Meral Abdelgawad

Al Gezira Cairo
- Position: Guard

Personal information
- Born: November 13, 1998 (age 26) Cairo, Egypt
- Listed height: 184 cm (6 ft 0 in)

= Meral Abdelgawad =

Egyptian basketball player

Meral Abdelgawad (born November 13, 1998) is an Egyptian basketball player who plays as Guard and hails from Cairo, Egypt. She has played for the national women's basketball team and Al Ahly SC. Abdelgawad pursued her college education at Western Kentucky University in the United States. She is 6 feet 0 inches tall.

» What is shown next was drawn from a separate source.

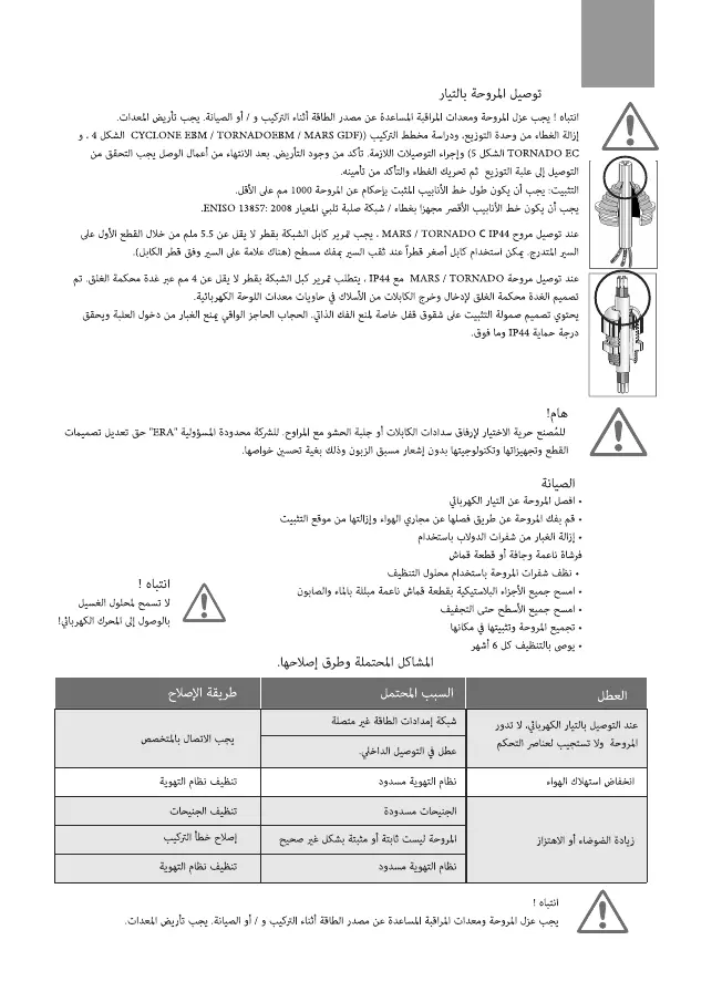 ERA PRO MARS GDF 125 - Operation, Maintenance, and Troubleshooting; Fan Connection and Network Setup; Maintenance and Troubleshooting

== International career ==

=== Youth career ===
Youth career in the national team:

- In the 2017 FIBA U19 Women's Basketball World Cup, she played 7 games, averaging 17.4 points, 4.7 rebounds, 5.1 assists, and an efficiency rating of 15.1.
- During the 2016 Afrobasket U18 Women, she participated in 6 games, averaging 14 points, 3.2 rebounds, 2.8 assists, and an efficiency rating of 8.3.
- Overall, her total averages for the national team youth level are 15.1 points, 3.7 rebounds, 3.6 assists, and an efficiency rating of 10.6.

=== National team ===
Highlights of her senior career in the national team:

- In the 2023 FIBA Women's AfroBasket, she participated in 3 games, averaging 14 points, 3.3 rebounds, 4.3 assists, and an efficiency rating of 14.7.
- During the 2023 FIBA Women's AfroBasket qualifiers, she played 4 games, averaging 9 points, 5 rebounds, 2.5 assists, and an efficiency rating of 9.8.
- At the 2021 FIBA Women's Afrobasket – Qualifiers – Zone 5, she competed in 5 games, averaging 15 points, 3.4 rebounds, 5.8 assists, and an efficiency rating of 17.2.
- In the 2019 FIBA Women's Afrobasket, she played 6 games, averaging 6.5 points, 1.7 rebounds, 0.7 assists, and an efficiency rating of 2.5.
- During the 2019 FIBA Women's Afrobasket qualifiers, she participated in 5 games, averaging 9 points, 4 rebounds, 2.4 assists, and an efficiency rating of 10.4.
- In the 2017 FIBA Women's Afrobasket, she played 8 games, averaging 11.1 points, 3 rebounds, 2.5 assists, and an efficiency rating of 8.
- Overall, her total averages for the national team senior level are 10.8 points, 3.4 rebounds, 3 assists, and an efficiency rating of 10.4.